▸ Problem details
Only text belongs in your copy of the listing below; reproduce it exactly and leave out the pictures.

▸ Given information
- Opening Delimiter -

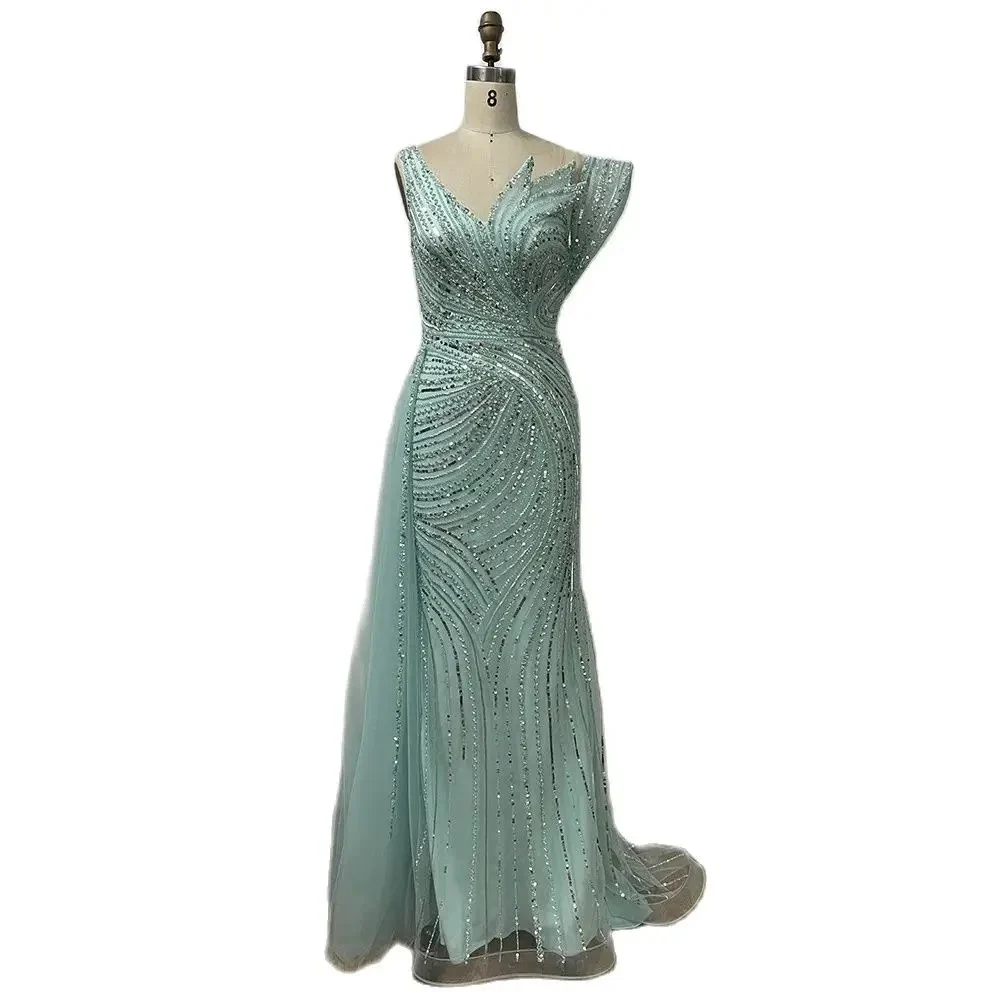 Serene Hill 2024 Arabisch Rosa Meerjungfrau Elegante Ein-Schulter Perlen Lange Abendkleider Kleider für Formelle Anlässe LA72262A
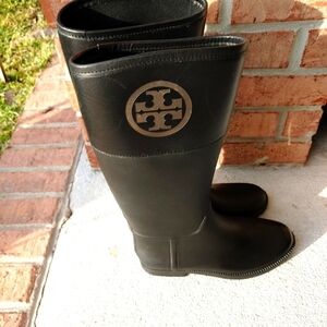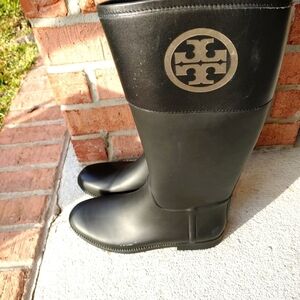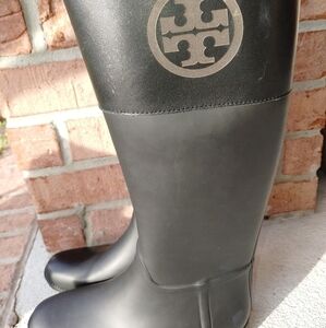 NEW TORY BURCH CLASSIC RUBBER RAIN/WINTER BOOTS W/ LEATHER AT TOP-RARE SIZE 11M
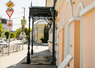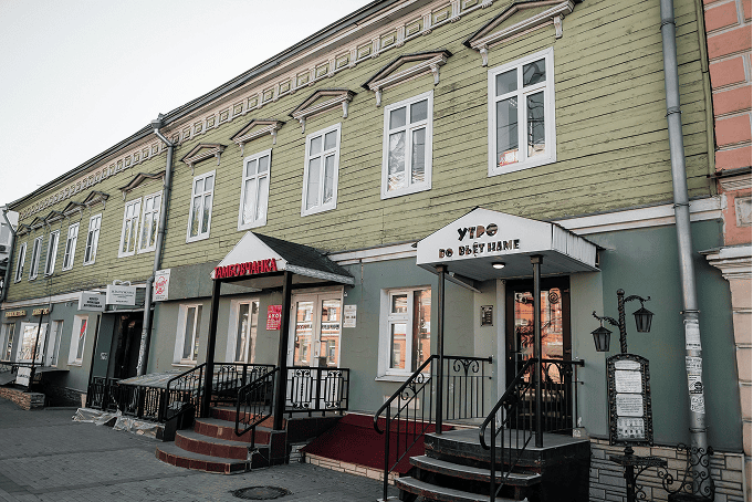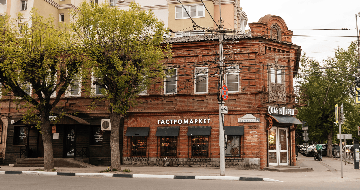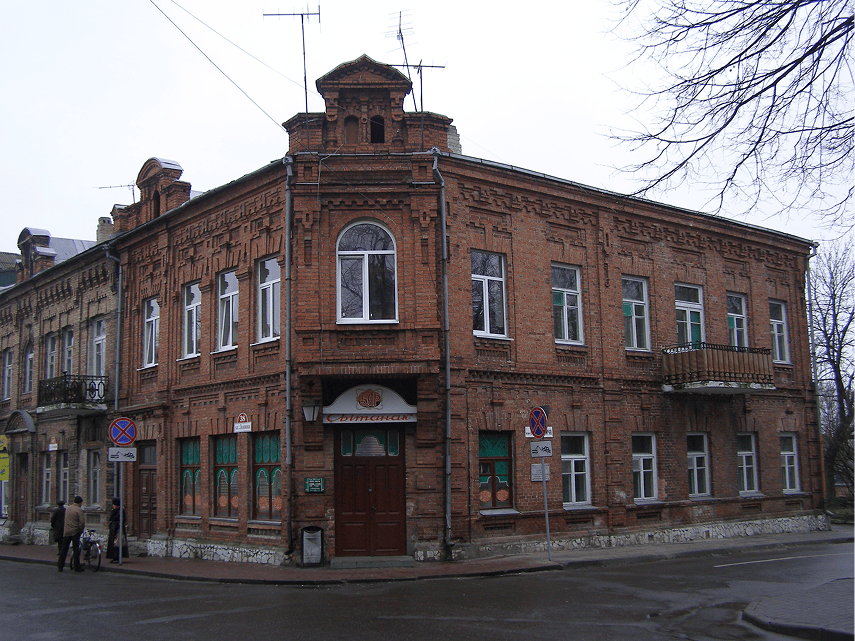 И все-таки типовые дома, многократно повторявшиеся на просторах Российской империи, существовали повсеместно. Так, угловой дом на улице Горького, 19 (на перекрестке с улицей Введенской), где на первом этаже располагались торговые лавки, а на втором — жилые помещения, встречается и в других губернских городах. К примеру, аналогичный дом можно найти на углу двух улиц даже в белорусском Пинске!

- Closing Delimiter -

▸ Output below
 Serene Hill 2024 Arabisch Rosa Meerjungfrau Elegante Ein-Schulter Perlen Lange Abendkleider Kleider für Formelle Anlässe LA72262A
 NEW TORY BURCH CLASSIC RUBBER RAIN/WINTER BOOTS W/ LEATHER AT TOP-RARE SIZE 11M
 И все-таки типовые дома, многократно повторявшиеся на просторах Российской империи, существовали повсеместно. Так, угловой дом на улице Горького, 19 (на перекрестке с улицей Введенской), где на первом этаже располагались торговые лавки, а на втором — жилые помещения, встречается и в других губернских городах. К примеру, аналогичный дом можно найти на углу двух улиц даже в белорусском Пинске!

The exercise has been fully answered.